SOURCE MATERIAL:
'''
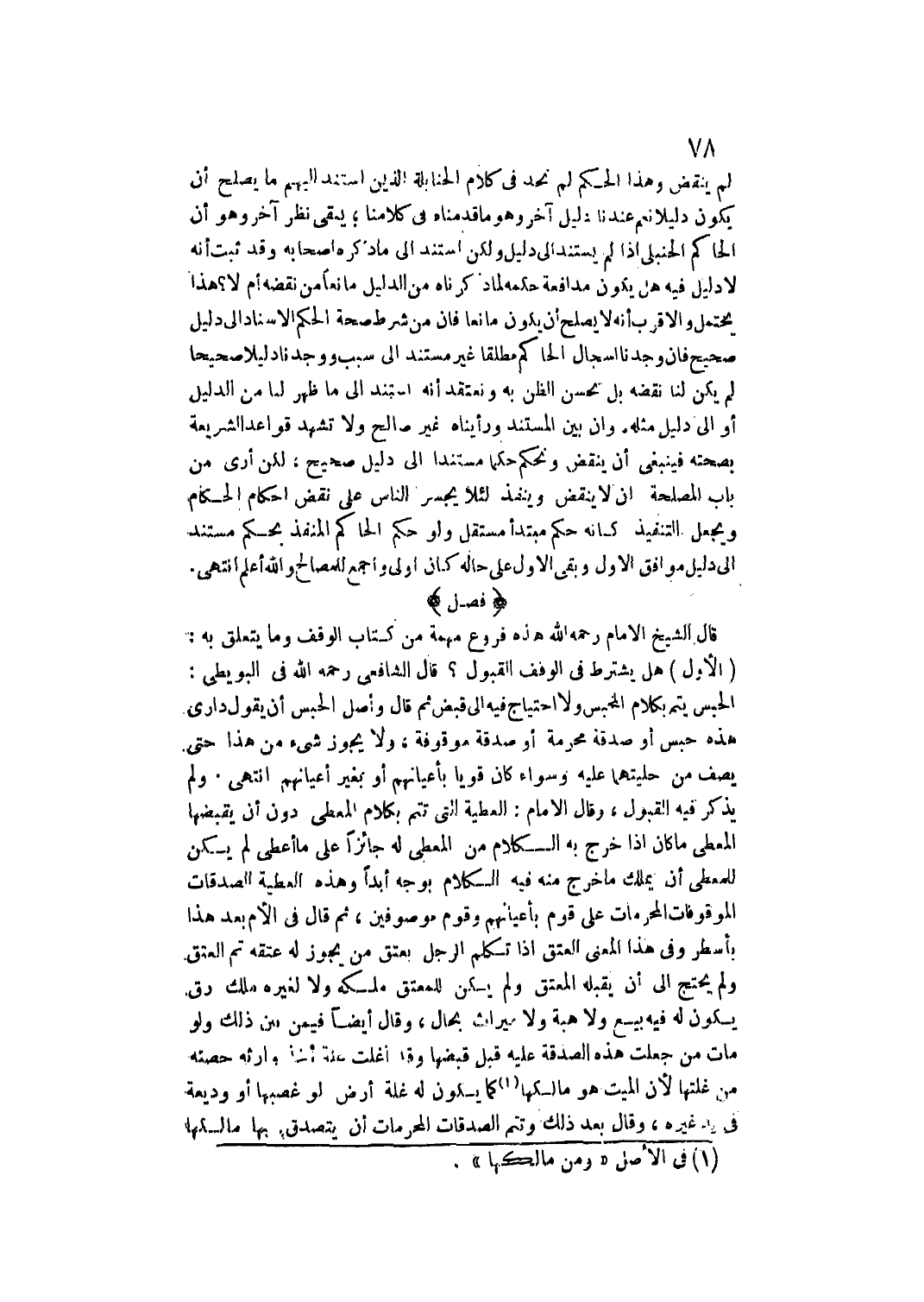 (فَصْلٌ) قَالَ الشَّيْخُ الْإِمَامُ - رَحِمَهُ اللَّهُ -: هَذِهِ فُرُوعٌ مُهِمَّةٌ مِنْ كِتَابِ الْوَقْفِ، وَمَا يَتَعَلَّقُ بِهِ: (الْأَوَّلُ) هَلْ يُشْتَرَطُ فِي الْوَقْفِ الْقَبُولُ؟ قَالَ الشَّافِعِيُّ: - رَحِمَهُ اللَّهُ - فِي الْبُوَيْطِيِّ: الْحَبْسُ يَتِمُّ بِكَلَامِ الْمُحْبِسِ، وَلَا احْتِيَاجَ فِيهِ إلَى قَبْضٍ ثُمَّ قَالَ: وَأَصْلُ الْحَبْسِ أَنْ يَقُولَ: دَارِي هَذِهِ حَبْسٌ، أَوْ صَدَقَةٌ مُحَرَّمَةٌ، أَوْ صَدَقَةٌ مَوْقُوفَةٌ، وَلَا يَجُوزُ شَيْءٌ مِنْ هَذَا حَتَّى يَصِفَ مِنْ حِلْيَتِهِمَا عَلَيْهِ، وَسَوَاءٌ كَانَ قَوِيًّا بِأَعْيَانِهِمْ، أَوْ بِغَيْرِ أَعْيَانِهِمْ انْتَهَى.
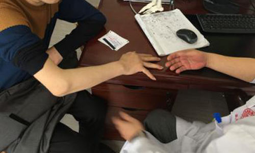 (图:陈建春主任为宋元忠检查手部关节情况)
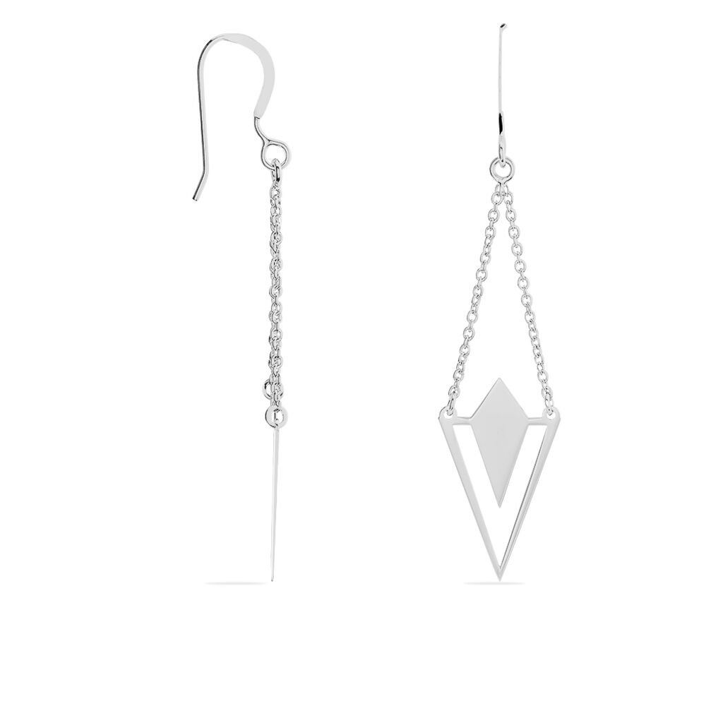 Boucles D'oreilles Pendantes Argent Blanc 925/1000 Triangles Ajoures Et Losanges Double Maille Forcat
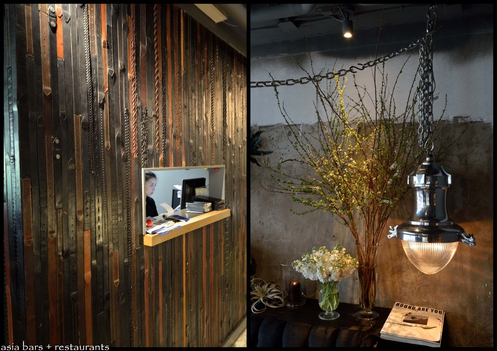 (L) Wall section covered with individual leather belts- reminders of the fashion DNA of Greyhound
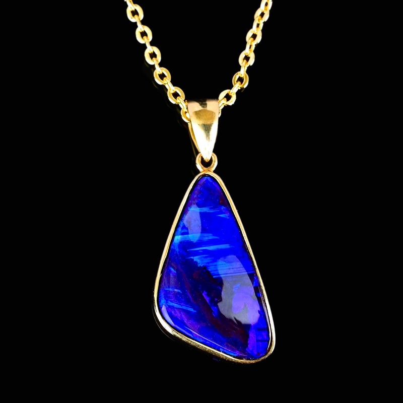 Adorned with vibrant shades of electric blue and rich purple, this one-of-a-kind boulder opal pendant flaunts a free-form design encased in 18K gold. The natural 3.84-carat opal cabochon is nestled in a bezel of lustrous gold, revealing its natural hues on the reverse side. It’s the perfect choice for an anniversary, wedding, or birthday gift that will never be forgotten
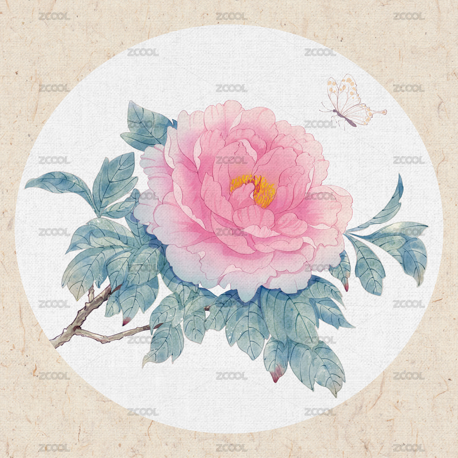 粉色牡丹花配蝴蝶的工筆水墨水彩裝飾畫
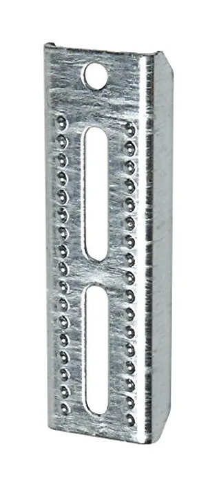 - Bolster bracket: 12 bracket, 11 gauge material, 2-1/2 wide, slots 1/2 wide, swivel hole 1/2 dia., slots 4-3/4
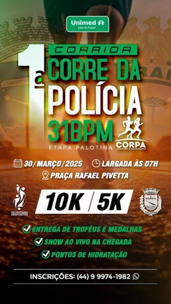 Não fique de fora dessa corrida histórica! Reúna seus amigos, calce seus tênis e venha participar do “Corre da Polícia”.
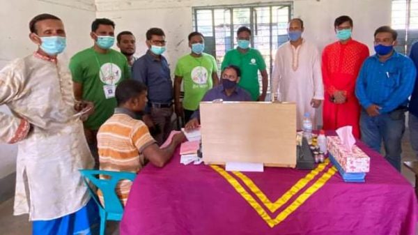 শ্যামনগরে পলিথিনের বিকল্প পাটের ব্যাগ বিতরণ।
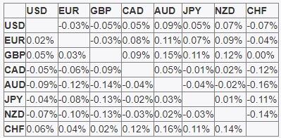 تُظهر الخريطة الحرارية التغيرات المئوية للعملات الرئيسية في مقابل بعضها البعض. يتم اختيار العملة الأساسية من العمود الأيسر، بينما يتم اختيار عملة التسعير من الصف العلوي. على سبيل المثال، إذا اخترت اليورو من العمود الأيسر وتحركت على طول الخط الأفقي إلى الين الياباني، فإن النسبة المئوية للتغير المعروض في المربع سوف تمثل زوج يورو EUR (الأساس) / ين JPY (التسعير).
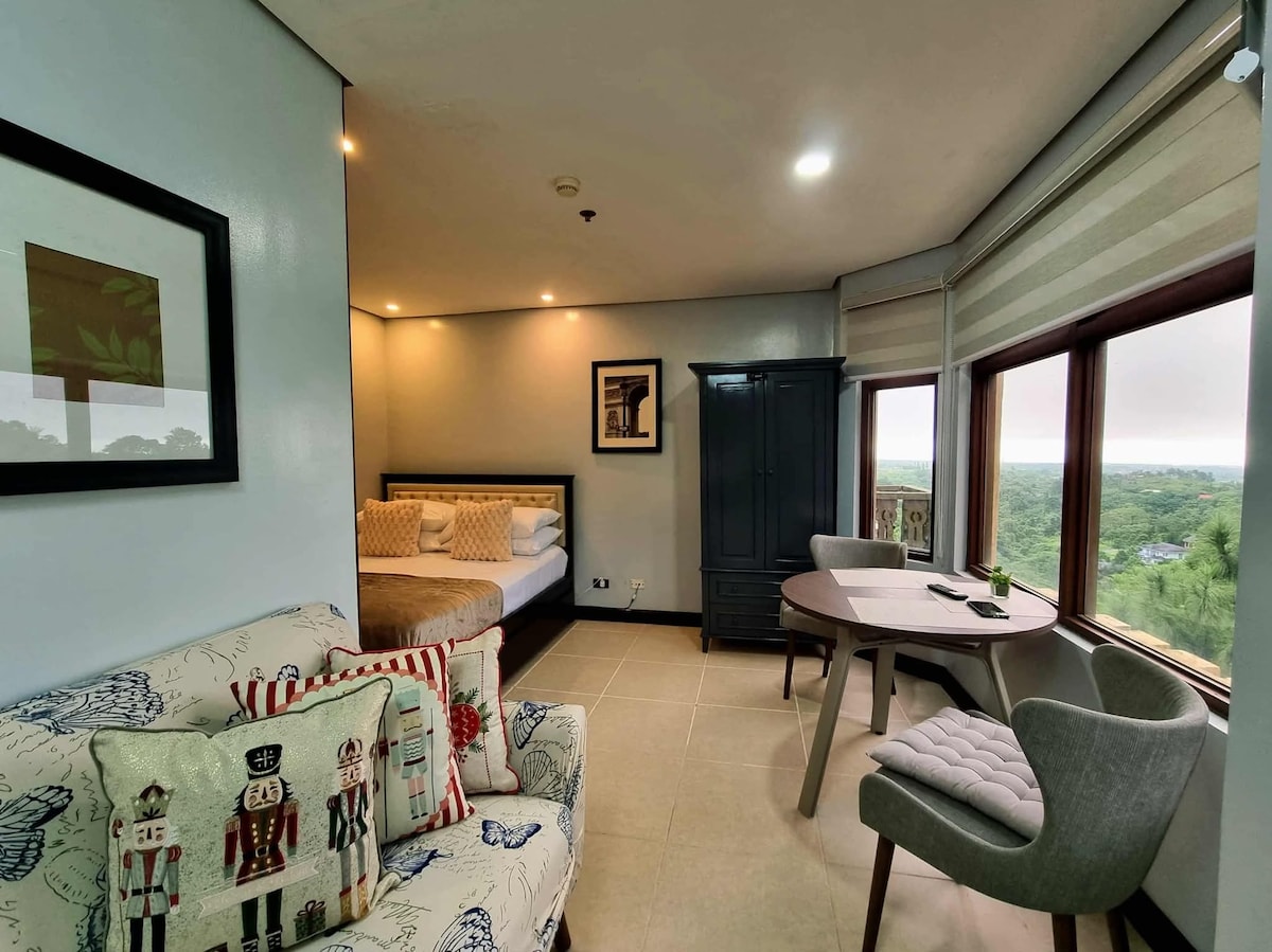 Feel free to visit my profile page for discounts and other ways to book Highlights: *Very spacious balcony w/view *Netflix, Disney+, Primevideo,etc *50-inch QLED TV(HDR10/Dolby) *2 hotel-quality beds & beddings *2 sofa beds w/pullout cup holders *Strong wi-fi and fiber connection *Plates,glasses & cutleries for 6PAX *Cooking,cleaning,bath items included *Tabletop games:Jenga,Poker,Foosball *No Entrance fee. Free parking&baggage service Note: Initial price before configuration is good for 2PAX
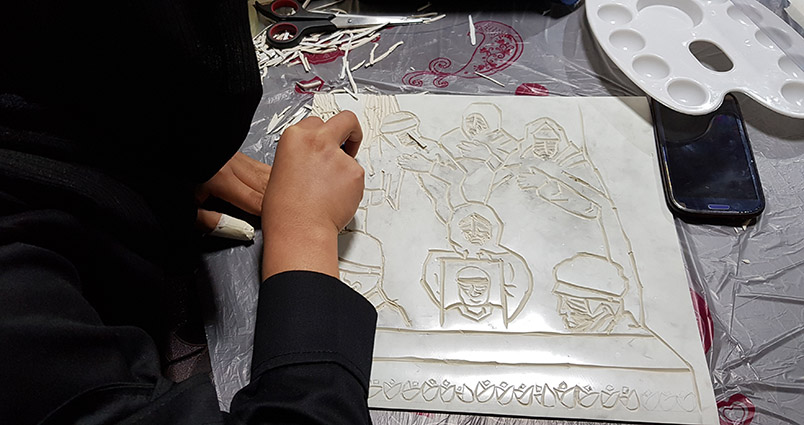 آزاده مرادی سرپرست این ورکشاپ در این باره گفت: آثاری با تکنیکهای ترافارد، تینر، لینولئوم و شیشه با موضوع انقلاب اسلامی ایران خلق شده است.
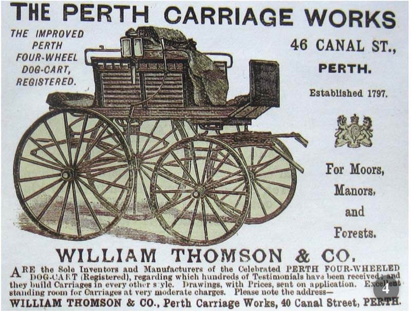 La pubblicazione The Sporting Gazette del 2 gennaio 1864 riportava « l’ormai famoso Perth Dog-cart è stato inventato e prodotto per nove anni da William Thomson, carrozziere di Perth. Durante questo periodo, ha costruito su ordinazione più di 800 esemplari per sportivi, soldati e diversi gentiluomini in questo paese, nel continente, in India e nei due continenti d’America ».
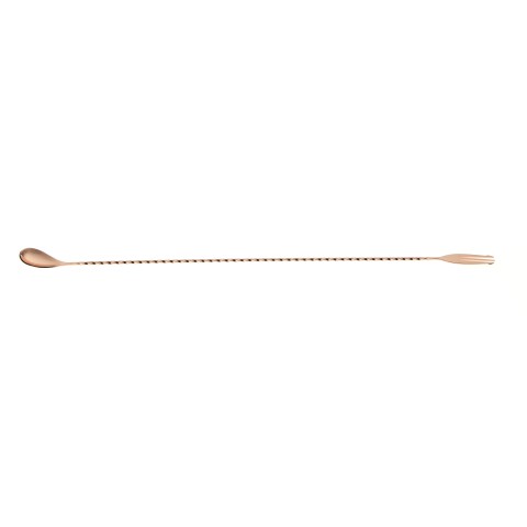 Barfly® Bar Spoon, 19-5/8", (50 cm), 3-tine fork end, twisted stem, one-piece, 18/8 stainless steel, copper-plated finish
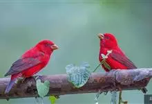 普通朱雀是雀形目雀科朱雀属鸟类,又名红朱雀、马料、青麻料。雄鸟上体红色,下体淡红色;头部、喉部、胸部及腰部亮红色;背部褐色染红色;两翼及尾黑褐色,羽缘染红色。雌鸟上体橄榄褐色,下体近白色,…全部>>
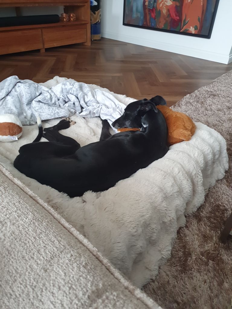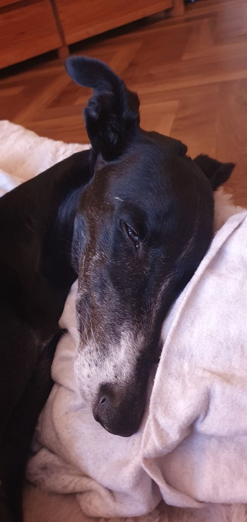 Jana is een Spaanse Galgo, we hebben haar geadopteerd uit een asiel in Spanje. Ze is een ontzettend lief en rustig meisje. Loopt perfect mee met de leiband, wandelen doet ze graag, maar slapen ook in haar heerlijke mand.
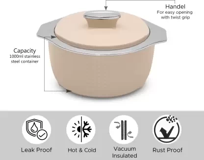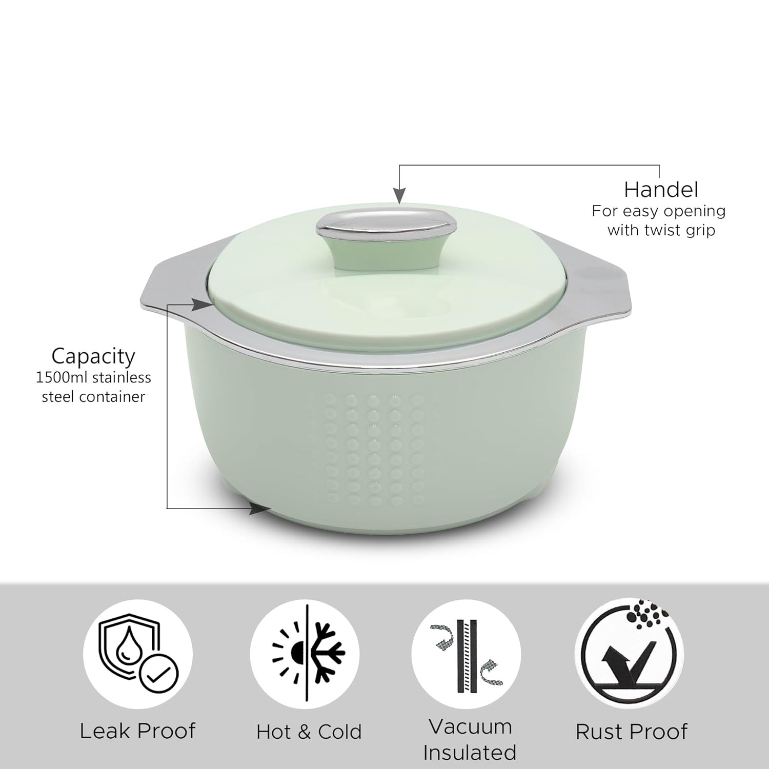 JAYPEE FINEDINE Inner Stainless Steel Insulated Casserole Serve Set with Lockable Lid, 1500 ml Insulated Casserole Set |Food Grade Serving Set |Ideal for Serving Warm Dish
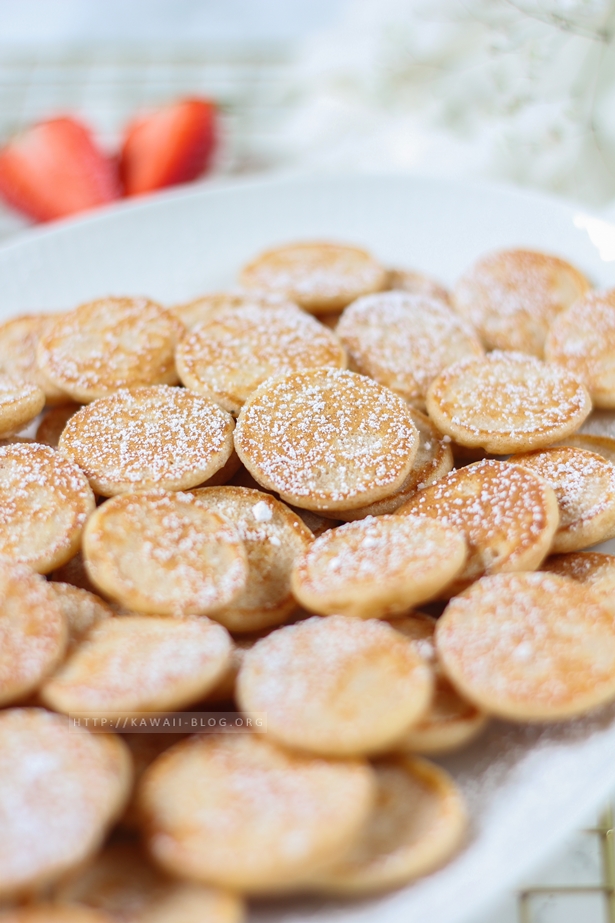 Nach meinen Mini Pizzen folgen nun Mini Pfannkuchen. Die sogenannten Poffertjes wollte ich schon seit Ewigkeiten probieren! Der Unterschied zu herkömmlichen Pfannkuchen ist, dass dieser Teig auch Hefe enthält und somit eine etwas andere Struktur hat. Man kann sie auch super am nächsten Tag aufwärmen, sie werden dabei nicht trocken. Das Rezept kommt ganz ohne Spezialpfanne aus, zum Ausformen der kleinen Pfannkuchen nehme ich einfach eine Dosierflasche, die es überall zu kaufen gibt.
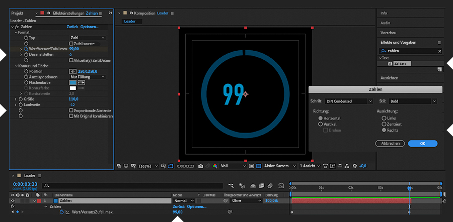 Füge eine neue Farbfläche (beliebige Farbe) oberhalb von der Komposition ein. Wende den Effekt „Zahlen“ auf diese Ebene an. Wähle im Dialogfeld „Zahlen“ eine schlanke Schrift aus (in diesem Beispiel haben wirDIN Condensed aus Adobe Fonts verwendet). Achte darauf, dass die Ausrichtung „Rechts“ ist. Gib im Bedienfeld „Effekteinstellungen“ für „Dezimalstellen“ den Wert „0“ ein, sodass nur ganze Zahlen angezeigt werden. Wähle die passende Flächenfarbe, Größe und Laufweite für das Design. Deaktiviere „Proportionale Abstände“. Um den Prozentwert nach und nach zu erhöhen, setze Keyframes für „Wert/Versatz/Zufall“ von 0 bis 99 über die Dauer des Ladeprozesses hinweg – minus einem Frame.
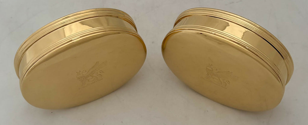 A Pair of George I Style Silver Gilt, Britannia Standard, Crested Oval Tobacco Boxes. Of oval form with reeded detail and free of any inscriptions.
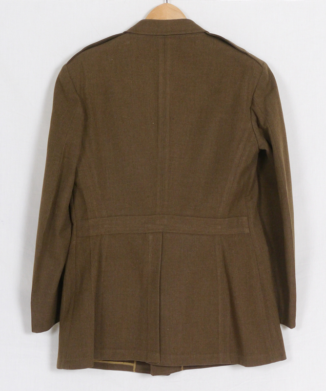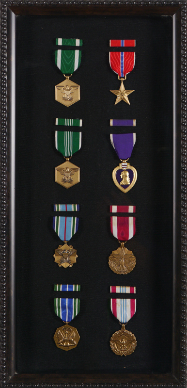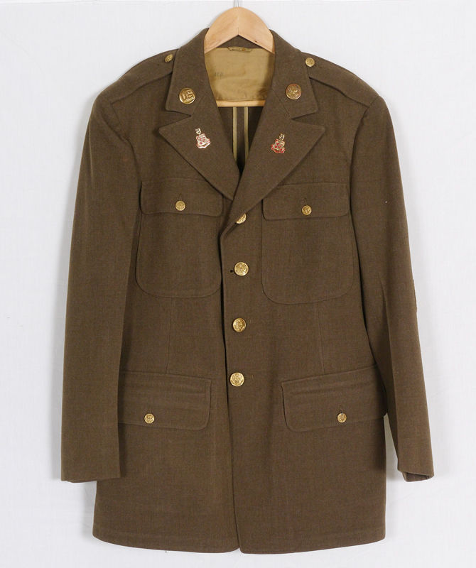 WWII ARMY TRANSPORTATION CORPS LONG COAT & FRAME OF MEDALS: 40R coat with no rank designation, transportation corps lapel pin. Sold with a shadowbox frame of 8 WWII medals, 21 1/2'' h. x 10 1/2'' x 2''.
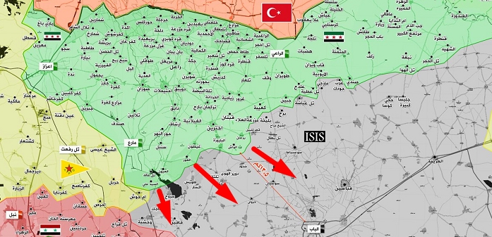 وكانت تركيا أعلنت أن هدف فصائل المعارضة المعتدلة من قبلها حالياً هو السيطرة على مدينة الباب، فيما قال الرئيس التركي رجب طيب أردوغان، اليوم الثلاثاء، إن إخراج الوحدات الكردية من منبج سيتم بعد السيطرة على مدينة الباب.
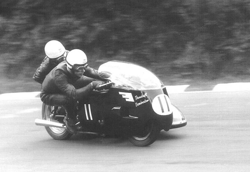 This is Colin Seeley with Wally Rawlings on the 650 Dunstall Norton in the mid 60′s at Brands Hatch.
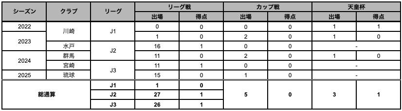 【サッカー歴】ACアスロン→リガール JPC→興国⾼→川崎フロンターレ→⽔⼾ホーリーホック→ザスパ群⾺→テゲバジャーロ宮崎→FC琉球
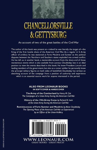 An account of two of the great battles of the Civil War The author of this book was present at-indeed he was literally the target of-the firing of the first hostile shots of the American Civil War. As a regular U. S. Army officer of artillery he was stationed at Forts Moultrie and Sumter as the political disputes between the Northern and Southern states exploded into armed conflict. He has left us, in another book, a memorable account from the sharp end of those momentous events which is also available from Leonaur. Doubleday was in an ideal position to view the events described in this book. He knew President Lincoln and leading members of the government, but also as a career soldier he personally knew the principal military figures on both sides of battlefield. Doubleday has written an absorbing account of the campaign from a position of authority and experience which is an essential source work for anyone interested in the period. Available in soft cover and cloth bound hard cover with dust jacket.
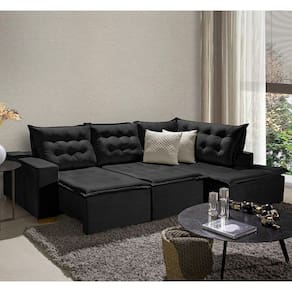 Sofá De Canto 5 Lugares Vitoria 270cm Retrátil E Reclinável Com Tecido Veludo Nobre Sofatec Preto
'''
GOAL OF THE EXERCISE:
In the listing above, find the line containing "শ্যামনগরে পলিথিনের বিকল্প পাটের ব্যাগ বিতরণ।" and the line containing "Jana is een"; print those lines and every line between them exactly, leaving out pictures.

WRITTEN RESPONSE:
 শ্যামনগরে পলিথিনের বিকল্প পাটের ব্যাগ বিতরণ।
 تُظهر الخريطة الحرارية التغيرات المئوية للعملات الرئيسية في مقابل بعضها البعض. يتم اختيار العملة الأساسية من العمود الأيسر، بينما يتم اختيار عملة التسعير من الصف العلوي. على سبيل المثال، إذا اخترت اليورو من العمود الأيسر وتحركت على طول الخط الأفقي إلى الين الياباني، فإن النسبة المئوية للتغير المعروض في المربع سوف تمثل زوج يورو EUR (الأساس) / ين JPY (التسعير).
 Feel free to visit my profile page for discounts and other ways to book Highlights: *Very spacious balcony w/view *Netflix, Disney+, Primevideo,etc *50-inch QLED TV(HDR10/Dolby) *2 hotel-quality beds & beddings *2 sofa beds w/pullout cup holders *Strong wi-fi and fiber connection *Plates,glasses & cutleries for 6PAX *Cooking,cleaning,bath items included *Tabletop games:Jenga,Poker,Foosball *No Entrance fee. Free parking&baggage service Note: Initial price before configuration is good for 2PAX
 آزاده مرادی سرپرست این ورکشاپ در این باره گفت: آثاری با تکنیکهای ترافارد، تینر، لینولئوم و شیشه با موضوع انقلاب اسلامی ایران خلق شده است.
 La pubblicazione The Sporting Gazette del 2 gennaio 1864 riportava « l’ormai famoso Perth Dog-cart è stato inventato e prodotto per nove anni da William Thomson, carrozziere di Perth. Durante questo periodo, ha costruito su ordinazione più di 800 esemplari per sportivi, soldati e diversi gentiluomini in questo paese, nel continente, in India e nei due continenti d’America ».
 Barfly® Bar Spoon, 19-5/8", (50 cm), 3-tine fork end, twisted stem, one-piece, 18/8 stainless steel, copper-plated finish
 普通朱雀是雀形目雀科朱雀属鸟类,又名红朱雀、马料、青麻料。雄鸟上体红色,下体淡红色;头部、喉部、胸部及腰部亮红色;背部褐色染红色;两翼及尾黑褐色,羽缘染红色。雌鸟上体橄榄褐色,下体近白色,…全部>>
 Jana is een Spaanse Galgo, we hebben haar geadopteerd uit een asiel in Spanje. Ze is een ontzettend lief en rustig meisje. Loopt perfect mee met de leiband, wandelen doet ze graag, maar slapen ook in haar heerlijke mand.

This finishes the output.